As Commissioner Brian D. Quintenz comes to the end of his five-year term at the Commodity Futures Trading Commission (CFTC), he has announced that he will not seek renomination for another term and will subsequently leave in October this year – unless a suitable successor is confirmed earlier.

The CFTC released a statement last Tuesday 28th April where the Commissioner stated: “Since joining the agency, I have strived to build my Commissionership on three broad themes:  ensuring the Commission is focused on risks, with rules appropriately tailored to those risks; embracing the rapid advancement of technology and innovation in finance; and working for enhanced coordination and deference among domestic and international regulators.”
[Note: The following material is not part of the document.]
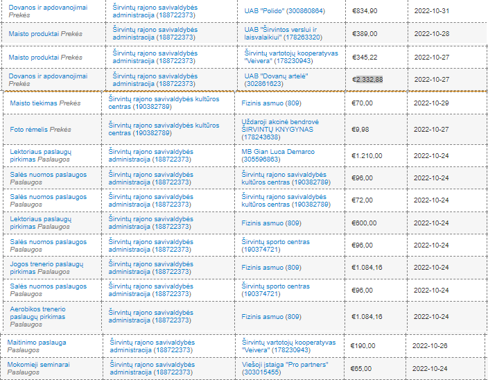 Tuo metu Širvintų rajono savivaldybės administracija perka pramogas, mokymus, seminarus. Tai randame Viešųjų pirkimų tarnybos puslapyje. Nuotraukoje po tekstu rasite keletą spalio mėnesio pirkimų.

Following a successful start in August 2017, Commissioner Quintenz was known for ensuring that the CFTC focused robust efforts on identifying key risks in the derivatives markets and appropriately forming targeted responses. Furthermore, the Commissioner became the sponsor of the CFTC’s Technology Advisory Committee (TAC) which largely remained undeveloped prior to his post. A period of significant changes in technology over the course of half a decade has propelled the CFTC to acknowledge these advances in the global community and actively move in tandem with these developments through the TAC. The launch of the first Bitcoin Futures Contracts in December 2017, coupled with the development CFTC’s independent research wing (LabCFTC) and defining what actual ‘delivery’ means for crypto assets, have all been advanced by the CFTC.

Commissioner Quintenz stated: “I’ve been particularly honored to sponsor the CFTC’s Technology Advisory Committee (TAC), where we’ve had the opportunity to explore the extraordinary technological renaissance transforming our financial markets.”